Photo of Bob and Lou Sauder's bedroom

Photo of Bob and Lou Sauder's bedroom

Help Comes

I’m not sure how long we sat crouched in those uncomfortable positions in the rain and cold. We prayed together again, thanking God for our lives. Then the first angel appeared — it was a neighbor trained in emergency response who was checking each house in the neighborhood. His actions proved that God was guiding him, and I imagined the feathered wings on the angels standing beside him, leading him to us.

He called into the rubble and we responded, and he explained that he would be back with help to get us out. Later he returned with another man, and the two managed to figure out how to carefully extricate us. The angels attending them helped the men find a pair of sneakers for each of us in the rubble so we could walk through the debris. I had difficulty walking after crouching by the bed for so many hours, and my head throbbed from the force of the ceiling fan and the bruised lump on the top of my head. The men supported us as I tried to walk.

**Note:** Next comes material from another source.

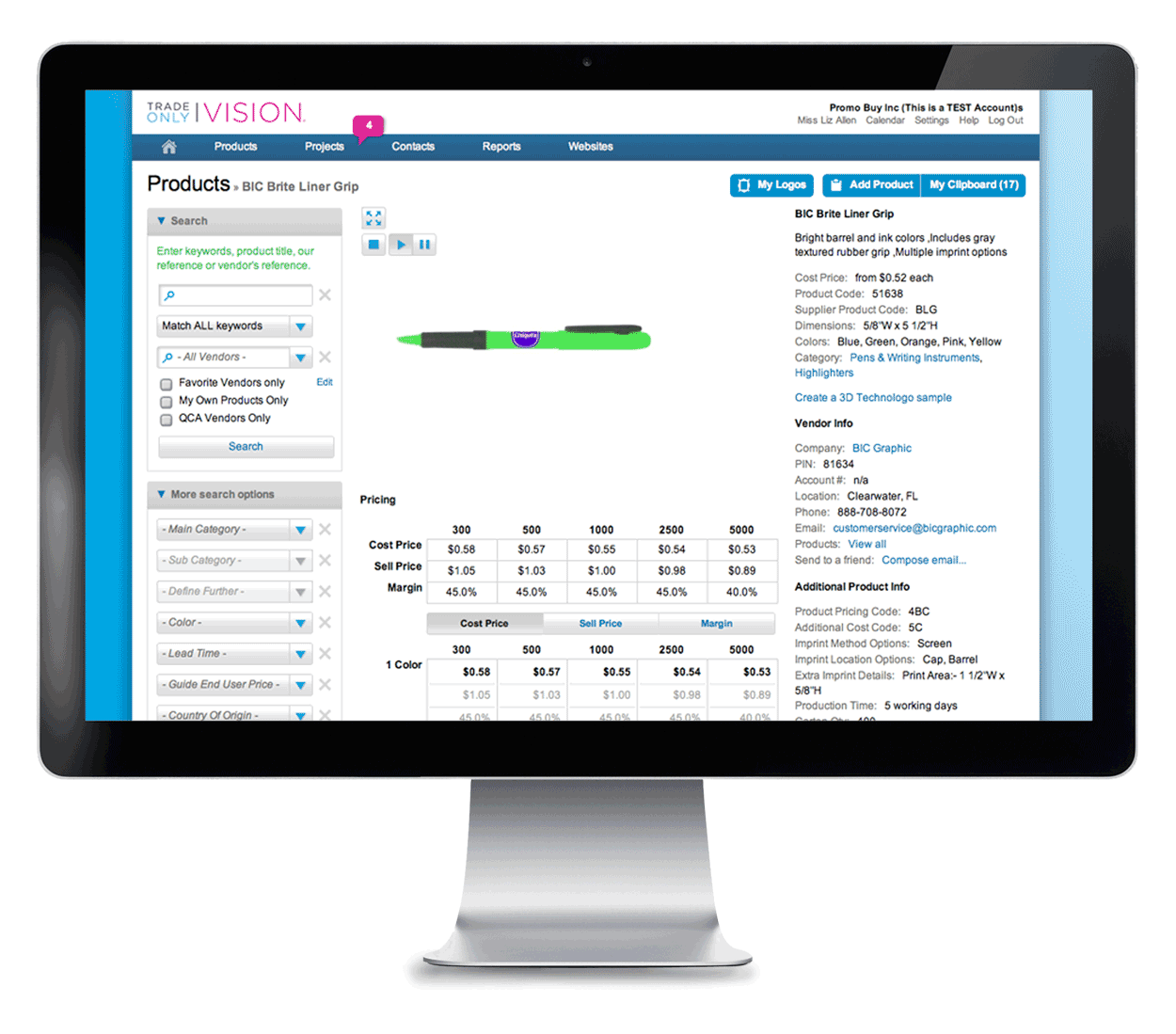 Thousands of 3-D enabled products are immediately available in VISION and STORE, including ranges from Top 50 Suppliers such as Hit Promotional Products, Sanford Business-to-Business, Leed’s, Gemline, Bullet, Prime Line and many more.

It was determined that I needed to go to the hospital, along with our cousins Jack and Libby Mutter in the rubble next to us that had once been a beautiful ranch house. Jack had crushed ribs. The men took Lou to rest at a neighbor’s house that had a basement left intact, although the rest of the home was gone.

On the Road

Getting Jack, Libby, and me to an ambulance was another complicated task the angels helped with. The men loaded us in a pickup truck and went cross country behind houses and through yards, trying to avoid the downed power lines, the uprooted trees, and all the metal, concrete, and lumber scattered about from the destroyed homes. It was slow going, with one man walking ahead of the truck with a flashlight. After a long journey we made it to where a line of ambulances with flashing lights were being loaded.

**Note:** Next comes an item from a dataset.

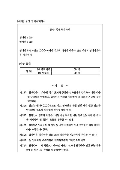 동산임대차계약서 양식, 주요내용 : 임료, 계약해지, 목적외 사용금지, 전대 등 금지, 계약기간, 멸실 등 손배 등 내용 기재. 단 무단전재 방지목적으로 PDF 파일로 올리니, 구매하신 후 혹 원본 파일이 필요하신 분들은 톡이나 문자, 메일, 전화 등을 주시면 작성방법 등에 대한 간단한 무료상담과 함께 원본 파일을 보내드리도록 하겠습니다.
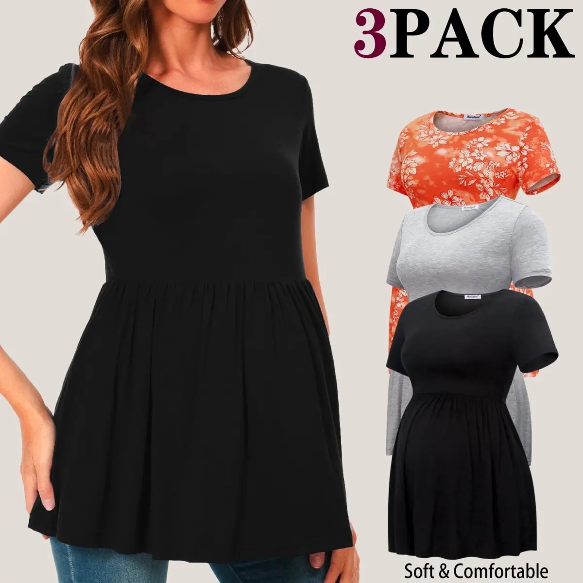 Bearsland Women's Short Sleeve Maternity T-shirts Tops Maternity Clothes 3-Pack is a perfect choice for expectant mothers, combining comfort and elegance. Made from soft, comfortable, flexible and lightweight modal fabric, these t-shirts are designed to accompany you at every stage of your pregnancy. The superior quality modal fabric allows your skin to breathe and keeps you comfortable all day long. Thanks to its flexible structure, it adapts to your growing belly and does not restrict your freedom of movement. The elegant and modern empire waistline and rich pleats prevent you from compromising your elegance during your pregnancy. Perfect for everyday use, special occasions or relaxing, these t-shirts will take their place among the indispensable pieces of your wardrobe. It can be easily combined with any pants, skirt or tights to create a stylish look. Bearsland 3-pack maternity t-shirts offer different color and pattern options, so you can choose the one that suits your style and taste. These t-shirts are not only comfortable and stylish, but also practical. Thanks to its machine washable feature, it can be easily cleaned and used for a long time. Bearsland Maternity T-shirts, an ideal choice for expectant mothers looking for comfort, elegance and practicality during pregnancy, will make you feel special. You can also comfortably use these t-shirts in the postpartum period, and they will keep their place in your wardrobe for a long time. This special product, which you can also consider as a gift to your loved ones, is one of the best gifts that can be given to expectant mothers. Bearsland is a brand that aims to offer you comfort and elegance during your pregnancy, and these t-shirts are one of the best examples of this goal.

Meanwhile, my daughter Shelly and her cousin Pat were trying to get to our house to check on us since we hadn’t answered our phones since the tornado hit. They started a prayer chain of relatives and friends across the country in the early morning hours. The police had the neighborhood blocked off, so they walked in for more than a mile through the debris in a frantic effort to get to us. When they arrived at the house, we were not there, heightening their anxiety.

After asking numerous people, they located Lou in that basement, and then discovered I was at the hospital. Shelly couldn’t get Lou out of the neighborhood without a vehicle, and the roads were still impassable. She walked the long way back to her car and drove to see me at Erlanger Medical Center, but could not enter the hospital due to COVID-19 restrictions. Shelly was finally able to connect to the doctors caring for me, and I spent the night there, with a likely concussion.

Rescued and Reunited

My dear wife spent the night in that neighbor’s basement along with several other homeless neighbors. The next day a kind man rode her out of the neighborhood on an all-terrain vehicle (ATV), and I was released from the hospital. Now at last we were reunited. We lost two cars, our home, our clothing, our photos, and precious reminders of our past, but we know that God rescued us that night.

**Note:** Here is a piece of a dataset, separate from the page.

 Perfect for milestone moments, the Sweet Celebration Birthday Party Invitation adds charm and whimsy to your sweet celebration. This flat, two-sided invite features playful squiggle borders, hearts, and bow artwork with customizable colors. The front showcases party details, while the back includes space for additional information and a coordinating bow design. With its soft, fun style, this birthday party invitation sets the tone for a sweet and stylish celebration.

The experience has been a revival for Lou and me. God stayed with us, answered our prayers, and sent men and angels. The outpouring of help during the following days was also a powerful indication of God’s love. People from churches all around came to assist, with power saws and excavators, and helped to comb through the rubble for personal belongings. Some walked through the damaged neighborhoods with food in baskets, like the boy in the Bible who helped Jesus feed the multitudes. Union College, where my daughter-in-law Vinita and grandson work, offered to send down a crew to help. Friends in Ohio offered the same. We received calls from pastors and concerned friends from across the country, and we felt God’s love surround us in a remarkable way.

It doesn’t matter if there are wars, disasters, pandemics, divorce, abuse, or any kind of loss — our Savior is coming for us, coming to rescue us. He wipes away every tear, He answers prayer, and He is true to His Word to walk beside us, and be with us as we endure life’s trials. “The Lord your God goes with you; He will never leave you or forsake you” (Deut. 31:6).

We will trust in those promises as we await His soon coming.